Re: About rtla osnoise and timerlat usage

[Daniel Bristot de Oliveira]

On 2/22/23 16:11, Prasad Pandit wrote:
> Hello Daniel,
> 
> On Wed, 22 Feb 2023 at 18:45, Daniel Bristot de Oliveira <bristot@kernel.org <mailto:bristot@kernel.org>> wrote:
> 
>     The problem in the oslat case is that trace-cmd is awakened in the isolated CPU.
>     That is probably because trace-cmd once ran and armed a timer there.
> 
>     I recommend you restrict the affinity of trace-cmd to the non-isolated CPUs before
>     starting it and run the experiment again.
> 
> 
> * Yes, I invoked trace-cmd(1) with '-M 0x7FE' cpumask to specify CPUs to trace. That leaves only housekeeping CPUs for the trace-cmd(1) process IIUC.
> ===
> $ for i in `pidof trace-cmd`; do taskset -p -c $i; done
> pid 4835's current affinity list: 0,11
> pid 4834's current affinity list: 0,11
> pid 4833's current affinity list: 0,11
> pid 4832's current affinity list: 0,11
> pid 4831's current affinity list: 0,11
> pid 4830's current affinity list: 0,11
> pid 4829's current affinity list: 0,11
> pid 4828's current affinity list: 0,11
> pid 4827's current affinity list: 0,11
> pid 4826's current affinity list: 0,11
> pid 4825's current affinity list: 0,11
> pid 4824's current affinity list: 0,11
> pid 4823's current affinity list: 0,11
> ===
> 
> * taskset(1) appears to confirm it. Not sure why 'ktimers/6' thread was scheduled on an isolated CPU#6 to sched_wakup trace-cmd process.
> 
> ktimers/6-73 [006] 12793.382812: sched_wakeup: trace-cmd:385311 [120] success=1 CPU:011
> 
>    Maybe because I did not use 'trace-cmd  --poll' option. Running a test with '--poll' now.
>  
> 
>     In a properly isolated CPU, SCHED_OTHER should be enough. I understand that
>     people use FIFO because it gives the impression that the busy loop will
>     receive more CPU time, but this is biased by tools that only measure the
>     single latency occurrence - and not overall latency.
> 
> 
> * I see.
>  
> 
>     See this article: https://research.redhat.com/blog/article/osnoise-for-fine-tuning-operating-system-noise-in-linux-kernel/ <https://research.redhat.com/blog/article/osnoise-for-fine-tuning-operating-system-noise-in-linux-kernel/>
> 
> 
> * Yes, I read this and other 3 articles by you and reading again. :)
>  
> 
>     While running with FIFO reduces the "max single noise" by two us (from 7 to 5 us)
>     in relation to the SCHED_OTHER, the total amount of noise that the tool running with
>     FIFO is larger because the starvation of tasks require further checks from the OS
>     side, generating further noise. So SCHED_OTHER is better for total noise.
> 
> 
> * Doesn't running -rt tasks with higher priority (FIFO:95) than kworker/[120], ktimer/[97] threads help to keep them running on isolated CPUs, than getting sched_switched by kernel threads?

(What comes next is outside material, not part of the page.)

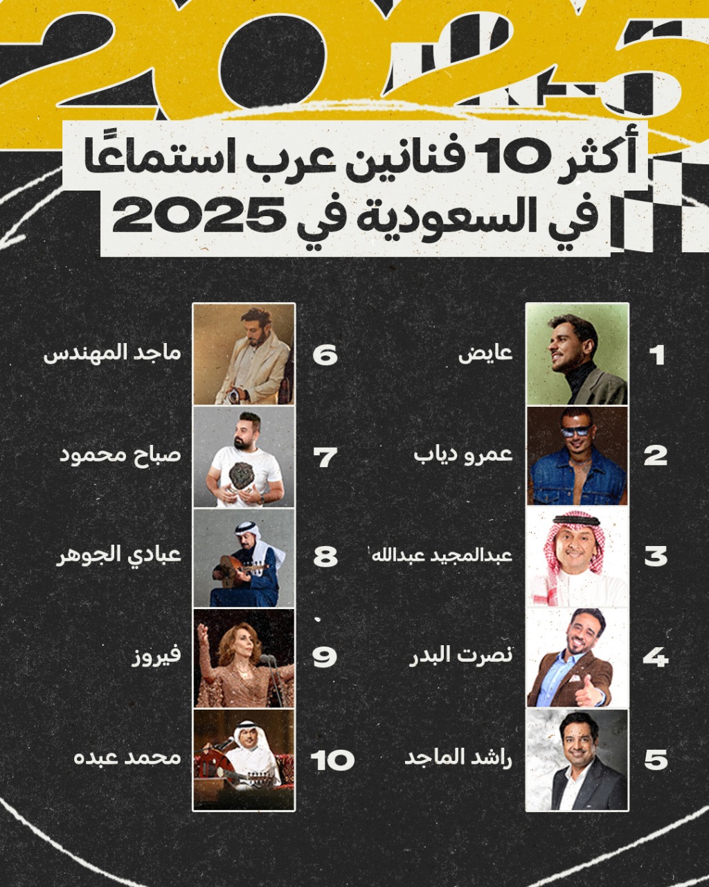 الفنانون العرب الأكثر استماعاً إليهم في السعودية لعام ٢٠٢٥:

I am not sure if I understood what you mean but...

kworker/[120] <--- this 120 is likely not the same as
ktimer/[97] <---- this 97

The kworker is likely a SCHED_OTHER 0 nice, and ktimer a FIFO:97.

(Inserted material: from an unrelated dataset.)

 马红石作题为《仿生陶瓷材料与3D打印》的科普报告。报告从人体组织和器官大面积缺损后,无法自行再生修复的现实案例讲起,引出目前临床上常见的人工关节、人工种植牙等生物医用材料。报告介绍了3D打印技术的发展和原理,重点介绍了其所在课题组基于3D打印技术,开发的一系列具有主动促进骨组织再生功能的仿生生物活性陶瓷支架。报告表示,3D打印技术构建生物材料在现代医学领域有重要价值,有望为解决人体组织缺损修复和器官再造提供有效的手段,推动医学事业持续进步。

You are placing your load in between them.

That would not be bad if we ran a traditional periodic/sporadic real-time
workload. That is, task that waits for an event, wakes up, runs, and goes
to sleep waiting for the next event.

The problem is that oslat/osnoise run non-stop.

Then a kworker awakened on the CPU will... starve. You will not see it
causing a sched_switch, but if the kworker is pinned to that CPU, it wil
not make progress.

The process waiting for its execution will not make progress either...
And the process of waiting for the process waiting will not make progress
either.. and so on ..

In other words, you are avoiding a context switch (a performance problem), but
creating a potential starvation that can lead to a system crash*.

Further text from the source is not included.